F-Droid uses a package maintainer-esque process where the maintainers of F-Droid can intervene and prevent an update to an app from reaching users if it's deemed to be malicious or to add anti-features.

It's of particularly high need on mobile since popular apps, even those who were originally FOSS, are sold to scummy publishers who fill it with ads and subscription schemes (oft called anti-features, since removing them could be seen as a feature in and of itself), ruining the original. You can't really trust mobile app devs because the track record is downright awful. Recently that happened with the "Simple" collection of apps, where the Play Store version got filled with junk but the F-Droid maintainer froze the version and marked the apps as outdated since nobody could conceivably want the new versions.

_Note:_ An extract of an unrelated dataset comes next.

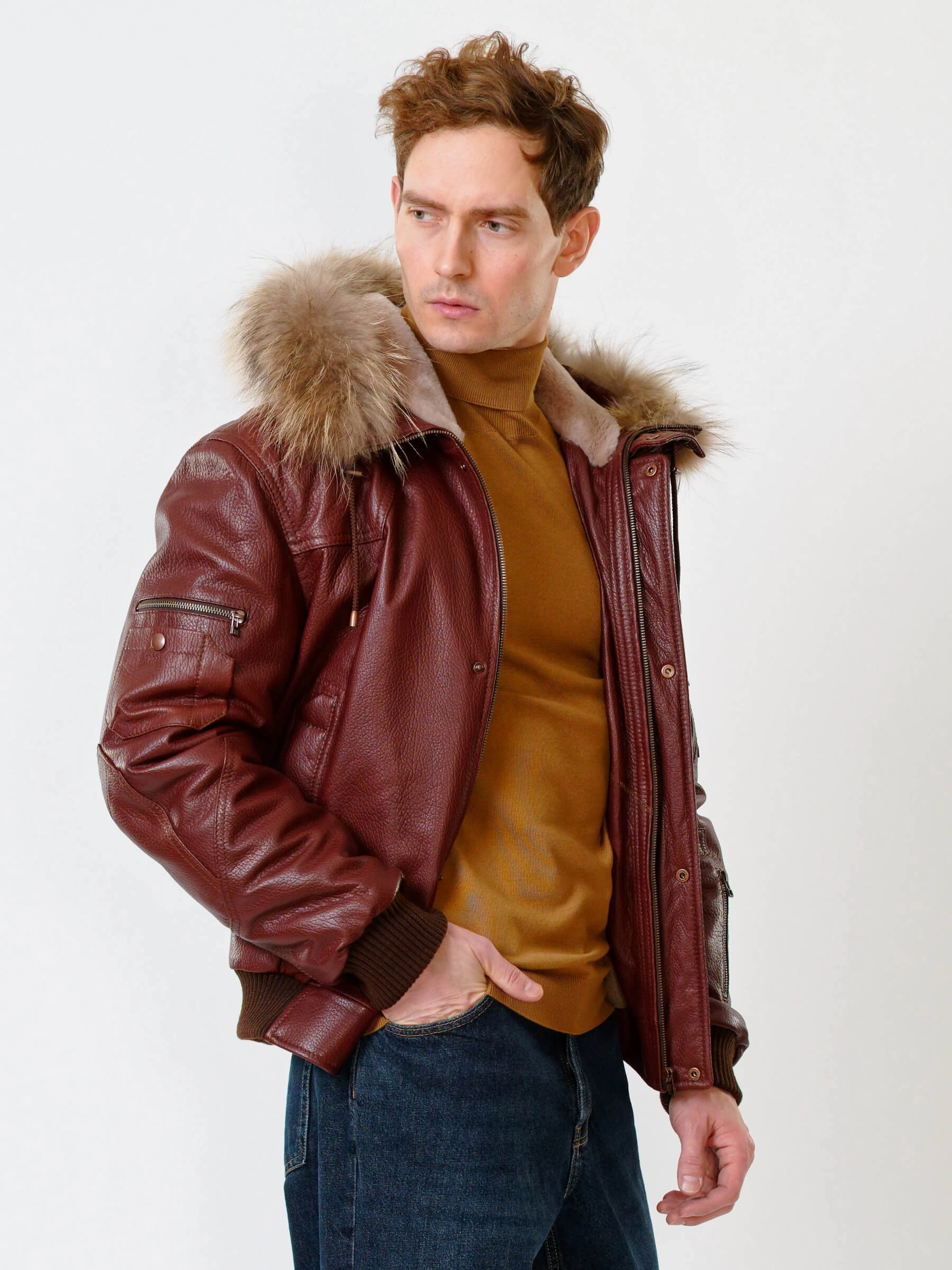 Товар кожаная мужская куртка аляска утепленная с мехом енота 509, виски, размер 48, артикул 40190 выполнен из натуральной кожи с застежкой молния. Рассчитан на сезон: осень-зима. Длина изделия 68 см, силуэт свободный.

Of course, that strokes poorly with developers who a. don't want to deal with potential third parties in their distribution chain rejecting their updates or b. are planning to add anti-features to their apps later down the line. With signal, I'm gonna guess it's mainly a; the Play Stores checks and balances are much less invasive than the sort of thing an F-Droid maintainer might check for. (As I understand it, Google Plays checks mostly are anti-exploit and keyword scans.)

rigid|1 year ago

> where the maintainers of F-Droid can intervene and prevent an update to an app from reaching users if it's deemed to be malicious

That sounds like a feature you want when using FOSS.

Imagine distros wouldn't have been able to intervene quickly and malicious xz would be still deployed through their channels just because the authors want to.

kuschku|1 year ago

> With signal, I'm gonna guess it's mainly a; the Play Stores checks and balances are much less invasive than the sort of thing an F-Droid maintainer might check for. (As I understand it, Google Plays checks mostly are anti-exploit and keyword scans.)

It might have been b as well – Signal did keep their server code proprietary for many months to add their custom cryptocurrency to it, and added this cryptocurrency for microtransactions into the app as well. There may be many more features like this planned, some of which F-Droid might oppose.

CorrectHorseBat|1 year ago

Their problem is that F-Droid releases are signed by F-Droid, not by Signal. This way F-Droid could potentially insert a backdoor in an update.

jjav|1 year ago

> This way F-Droid could potentially insert a backdoor in an update.

Google requires app developers on play store to give goole the keys that enable google to insert backdoors in any release. I can't trust anything on the play store for this reason. There is no way to tell which apps have been backdoored by google for whatever reason (the usual reason is a NSL).